The second I can replay frame by frame, even now. We were lining up inside the classroom to go to lunch when her friend snuck out of line, came over to me, and told me she liked me. Wanted to be with me. I wasn't interested. The friend pushed. I held the no for a minute, then more pressure, and finally — the way an outnumbered 11-year-old folds — I said okay.

After lunch, during free time, we met up to actually talk.

The frame is still sharp: we were out on the blacktop, standing by the metal rails that ran along the edge. I was facing the bathrooms that jutted out into the yard; she was on the rail side facing me. Behind me, in the distance, was the PE field where we ran the mile. I don't remember the exact words I said. I remember I told her I didn't want to be with her. I remember she cried right there at the rails. I remember walking away feeling like I'd done something wrong by being honest, and not knowing how to do honesty and kindness at the same time yet.

We're still distantly in touch on Facebook.
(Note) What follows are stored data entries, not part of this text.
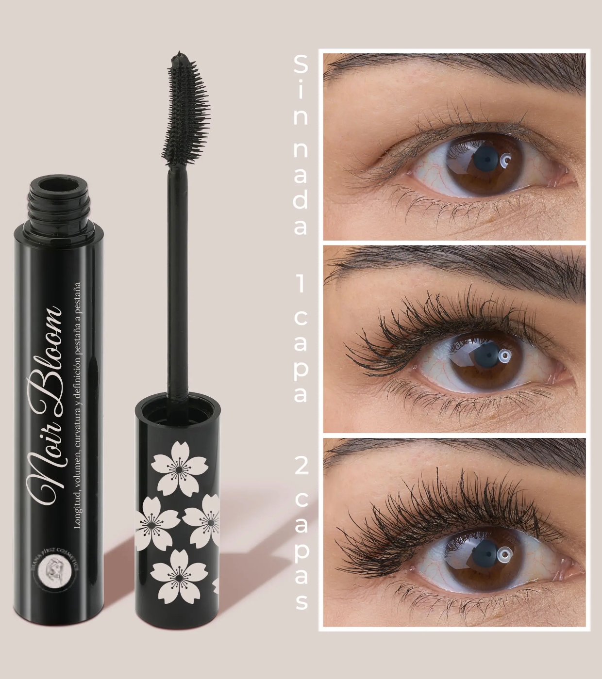 Noir Bloom de Diana Piriz é uma máscara para cílios de última geração que proporciona um acabamento sofisticado, definido e de longa duração.
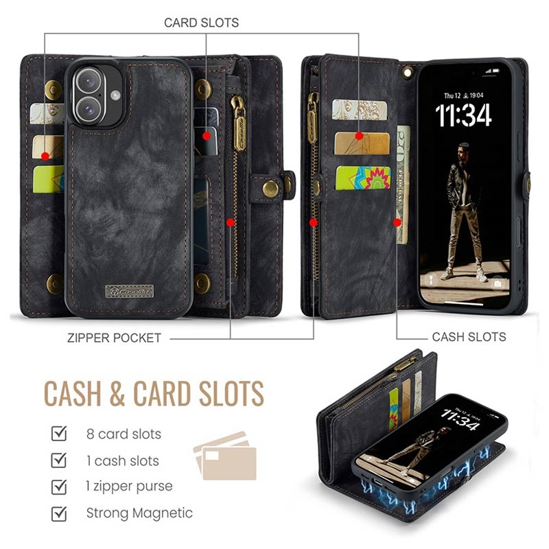 Wielofunkcyjny Pokrowiec-Portfel Caseme 008 2-w-1 na iPhone 16 Plus
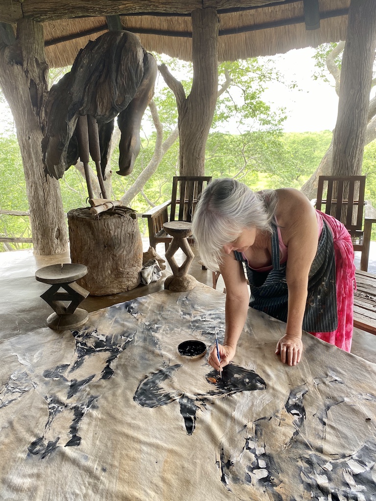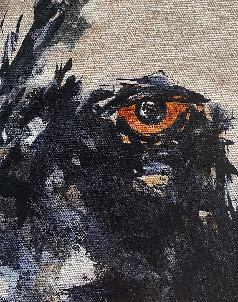 Working from my bush house, I paint large canvases, overseen by another natural predator, the vulture!
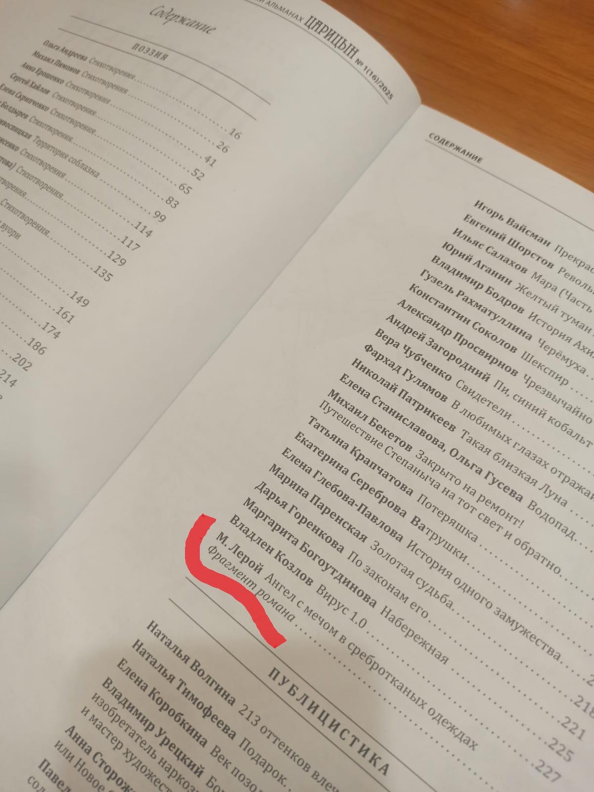 Литературный альманах "Царицын", официальное издание Волгоградской региональной организации Российского союза профессиональных литераторов, опубликовал фрагмент романа "Ангел с мечом в сребротканых одеждах"
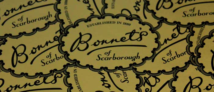 We work with a wide range of businesses from industry leader, global brands and start-ups, to produce labels to improve brand recognition and on-shelf appeal of their products. One such customer we work with is Bonnet’s of Scarborough, a traditional chocolatier and restaurant. Established in 1880 by Louis Bonnet, the shop is one of the oldest producers of chocolate in the country and still use traditional handmade methods to ensure each product is lovingly crafted. Bonnet’s approached Etiquette to produce labels that reflect their belief in traditional methods and heritage.
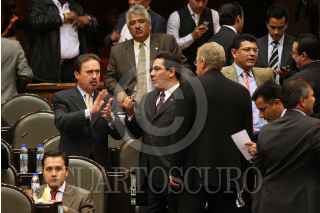 MÉXICO D.F. 29NOVIEMBRE2007.-Emilio Gambo Patrón diputado del PRI y Javier González Garza diputado y coordinador de la bancada del PRD dialógan, durante la sesión ordinaria en la Cámara de Diputados. FOTO: GUILLERMO PEREA/CUARTOSCURO.COM

I think we both ended up okay.

I don't count either of them as a relationship. I had to wait for the AOL chat in Capitola for that.

Schafer Rd

Address: 750 Schafer Rd, Unit 12A, Hayward, CA 94544

750 Schafer Rd, Hayward

Back to Hayward. Different chapter, different feel.

We moved into a gated apartment complex on Schafer Rd, and we ended up in the house at the very back — the one right next to the pool. Technically this should have been the manager's house for the apartment, but somehow my mom convinced them to let her live there. The only place I lived growing up that had a pool. I learned to swim there.

The pool produced one of my favorite Jim memories. He went to fly a kite from the pool deck one afternoon, but instead of regular string he used fishing line. Lighter. Stronger. So he kept letting it out, and out, and out — until the kite was a dot in the sky. A literal speck. And then the police rolled up to the gate. Apparently the kite had climbed high enough to interfere with air traffic. They asked Jim, very politely, to bring it down. He did.

The Harder Rd routine

Jim picked me up from school just about every day during the Schafer Rd years — which meant his commute was Oakland → San Lorenzo → Hayward, the long way around the East Bay just to get me home. I remember the route because we always passed the house my uncle Danny Waits and Sher lived in, on Harder Rd — the cross street of Schafer. The Kelemen side of my future was years away yet, but the Waits side was already shaping the geography of my afternoons.

There was a small ritual at that turn. Around the Harder Rd corner I'd ask him, "Do you have to use the restroom?" I wasn't asking out of concern — I asked every day, because that's what he did every day when we got home. Every afternoon, the moment we walked in the door, Jim went straight for a bathroom. We had two: the main one, and a second toilet that lived in the laundry room, of all places, alongside the washer and dryer. The laundry-room one had a door that locked from the inside. That was the one he chose. It was located in the garage.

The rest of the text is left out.